Fistouris, Panagiotis; Scheiwe, Christian; Grauvogel, Juergen; Csók, István; Beck, Juergen; Reinacher, Peter C; Roelz, Roland.
Afiliação
  • Fistouris P; Department of Neurosurgery, Medical Center - University of Freiburg, Faculty of Medicine, University of Freiburg, Freiburg im Breisgau, Germany.
  • Scheiwe C; Department of Neurosurgery, Medical Center - University of Freiburg, Faculty of Medicine, University of Freiburg, Freiburg im Breisgau, Germany.
  • Grauvogel J; Department of Neurosurgery, Medical Center - University of Freiburg, Faculty of Medicine, University of Freiburg, Freiburg im Breisgau, Germany.
  • Csók I; Department of Neurosurgery, Medical Center - University of Freiburg, Faculty of Medicine, University of Freiburg, Freiburg im Breisgau, Germany.
  • Beck J; Department of Neurosurgery, Medical Center - University of Freiburg, Faculty of Medicine, University of Freiburg, Freiburg im Breisgau, Germany.
  • Reinacher PC; Department of Stereotactic and Functional Neurosurgery, Medical Center - University of Freiburg, Faculty of Medicine, University of Freiburg, Freiburg im Breisgau, Germany.
  • Roelz R; Fraunhofer Institute for Laser Technology (ILT), Aachen, Germany.
Cerebrovasc Dis ; 51(4): 499-505, 2022.
Article em En | MEDLINE | ID: mdl-35021173
ABSTRACT
OBJECT The initial amount of subarachnoid and ventricular blood is an important prognostic factor for outcome in patients with aneurysmal subarachnoid hemorrhage (aSAH). In this comparative study of an unselected aSAH-population, we assess the modifiability of these factors by implementation of blood clearance by cisternal lavage.

METHODS:

All patients with aSAH treated in our department between October 2011 and October 2019 (8 years, n = 458) were included in our study. In the first 4-year period (BEFORE, n = 237), patients were treated according to international guidelines. In the second 4-year period (AFTER, n = 221), cisternal lavage methods were available and applied in 72 high-risk patients (32.5%). The cisternal and ventricular blood load was recorded by the Hijdra score. Multivariable regression models were used to assess the prognostic significance of risk factors, including blood load, in relation to common aSAH characteristics in both study groups.

RESULTS:

Worse neurological outcomes (mRS > 3) occurred in the BEFORE population with 41.45% versus 30.77% in the AFTER cohort, 6 months after aSAH (HR 1.59, 95% CI 1.08-2.34, p = 0.01).

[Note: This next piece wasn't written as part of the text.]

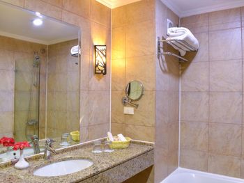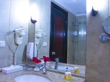 Номер был уставший, убитая ванна, грязные шторы, и вообще уборка номера была плохая, завтрак был не очень- маленький выбор, не было розеток у кроватей, постельное белье было старое и на нем было неприятно спать- оно было в катышках.
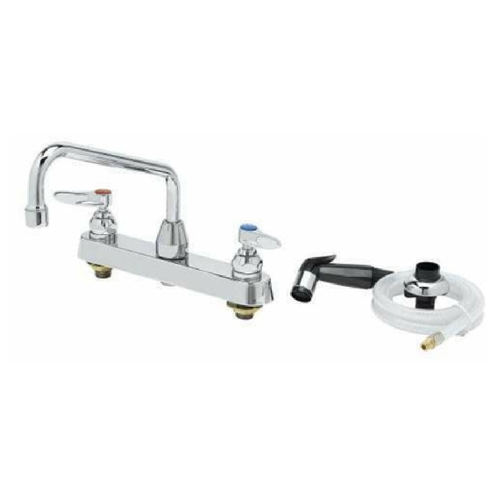The T&S Brass B-1172-CR Workboard Mixing Faucet is a high-performance, deck-mounted unit meticulously designed for professional environments requiring reliability and compliance with safety standards. Engineered with 8-inch centers, it features an 8-inch swing nozzle equipped with a 2.2 GPM aerator, ensuring efficient water flow for various applications. This model includes a sidespray with a 4-foot vinyl hose and guide, providing enhanced versatility in tasks requiring mobility and reach. The faucet is built with quarter-turn Cerama cartridges, incorporating check valves for precise control and durability. Lever handles, complete with color-coded indexes, facilitate ease of use and immediate identification. Designed for seamless integration, it comes with 1/2-inch NPT male inlets and adheres to low lead standards, making it suitable for environmentally conscious operations. The faucet's compliance with cCSAus and ADA standards underscores its commitment to safety and accessibility, making it a valuable asset in commercial kitchens, laboratories, and other professional settings. This faucet embodies robustness and versatility, positioned to meet the diverse needs of different market segments within industries that rely on dependable water delivery systems.

Admission WFNS grade, comorbidities (Charlson Comorbidity Index), herniation signs, concomitant intracerebral hemorrhage, and the development of delayed cerebral infarction were strongly associated with poor outcome in both study groups. Intraventricular and cisternal blood load and, particularly, a cast fourth ventricle (Cast 4) represented strong prognosticators of poor neurological outcome in the BEFORE cohort. This effect was lost after implementation of cisternal lavage (AFTER cohort).

CONCLUSION:

Cisternal and ventricular blood load - in particular a Cast 4 - represent important prognosticators in patients with aSAH. They are, however, amenable to modification by blood clearing therapies.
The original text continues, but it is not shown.